-- Exercise --
Starting at the line that holds "Work flow diagram", restate every line word for word up to and including the last one in the listing below, and omit all pictures.

-- Collected material --
▶
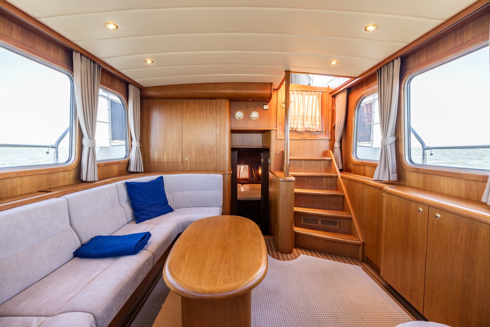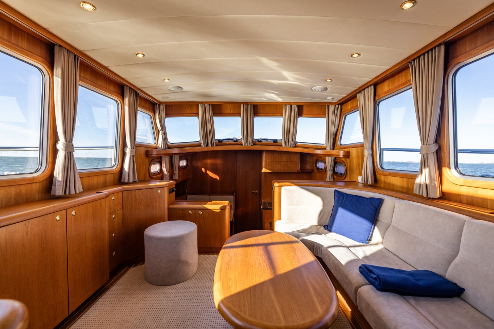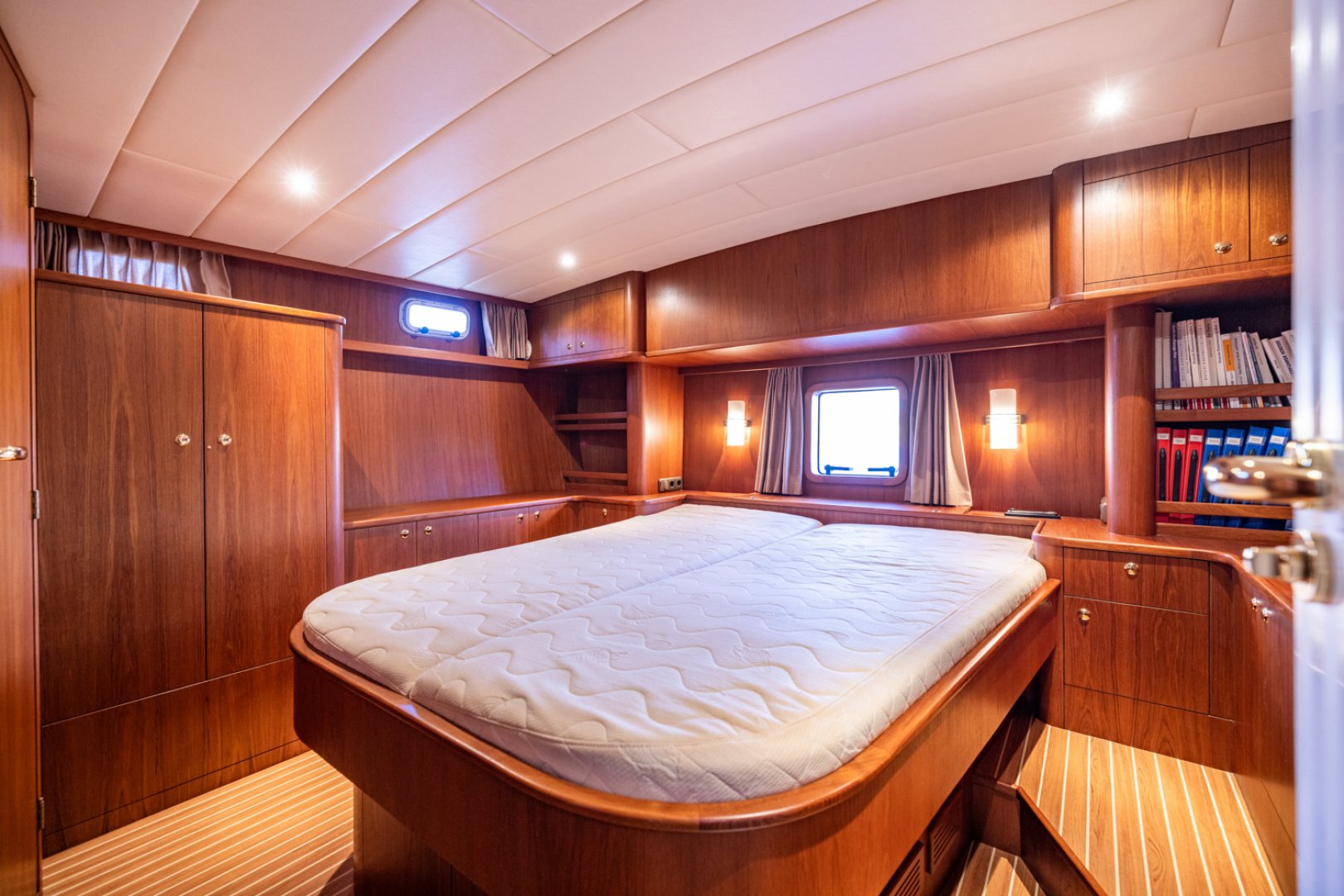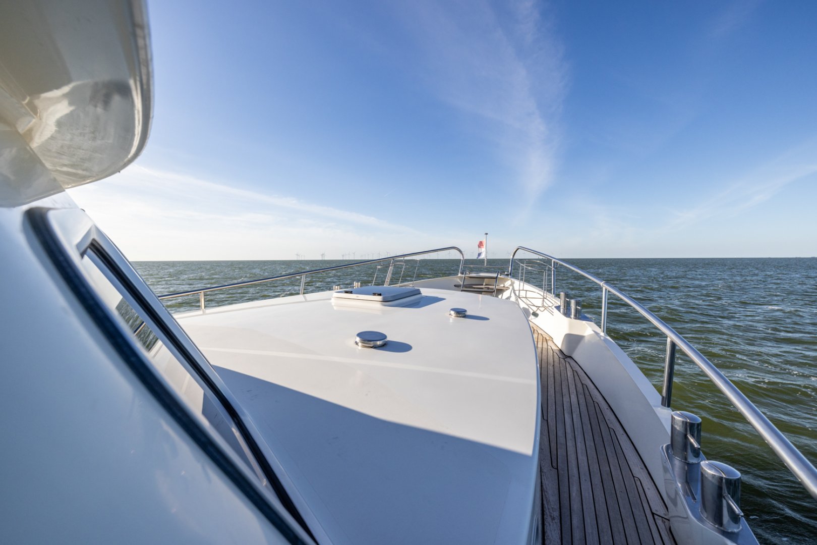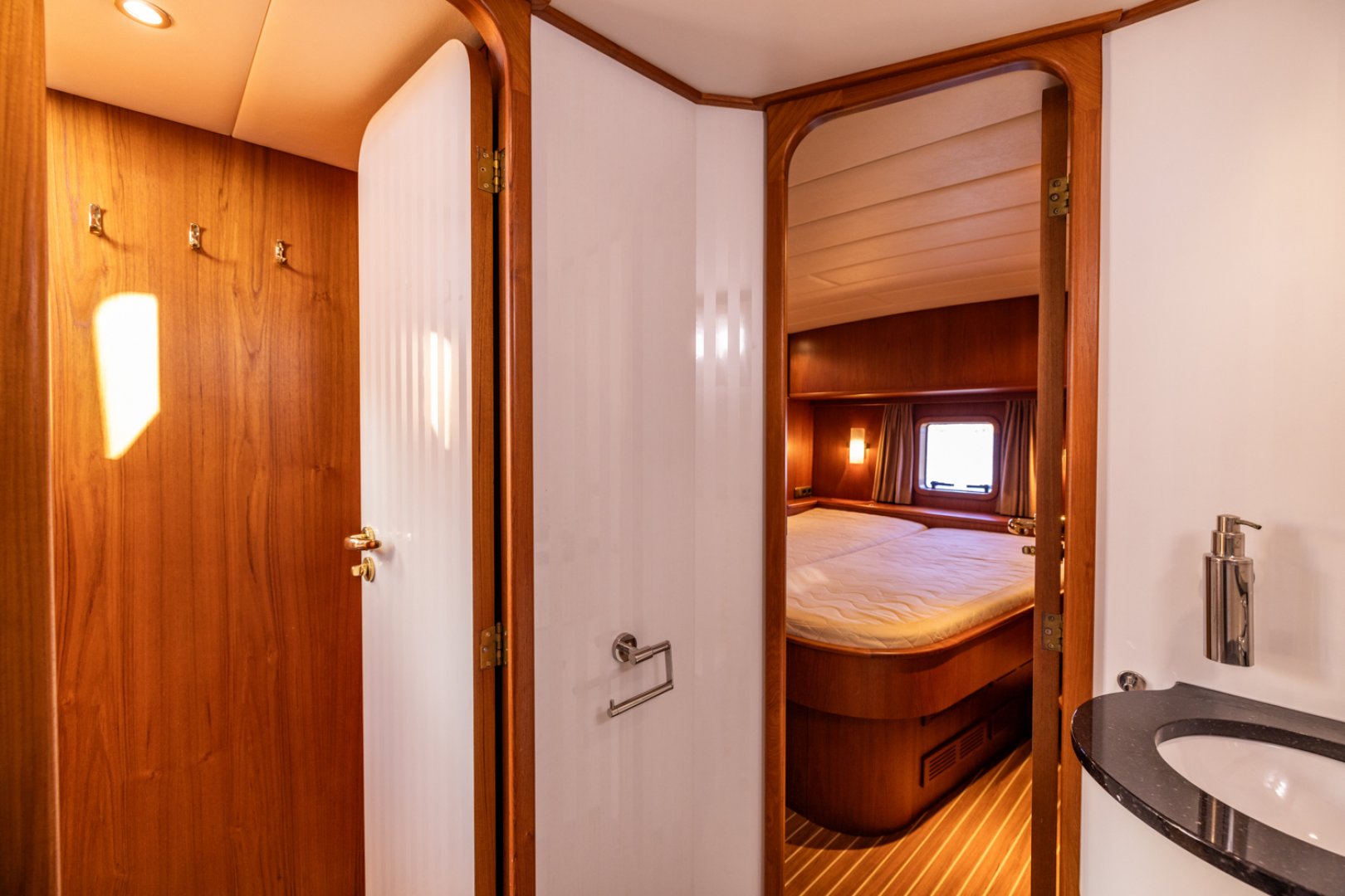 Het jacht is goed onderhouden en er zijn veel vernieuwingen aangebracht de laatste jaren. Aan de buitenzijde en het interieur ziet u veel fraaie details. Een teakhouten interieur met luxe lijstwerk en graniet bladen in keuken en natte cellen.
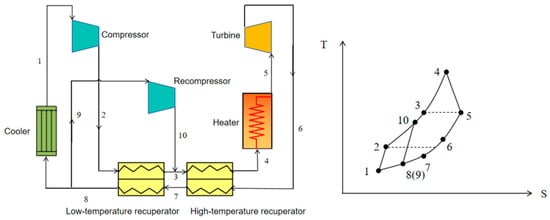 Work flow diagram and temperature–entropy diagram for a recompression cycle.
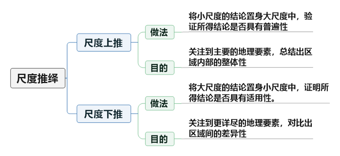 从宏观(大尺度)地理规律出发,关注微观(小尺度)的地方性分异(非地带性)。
◀
-- Written solution --
 Work flow diagram and temperature–entropy diagram for a recompression cycle.
 从宏观(大尺度)地理规律出发,关注微观(小尺度)的地方性分异(非地带性)。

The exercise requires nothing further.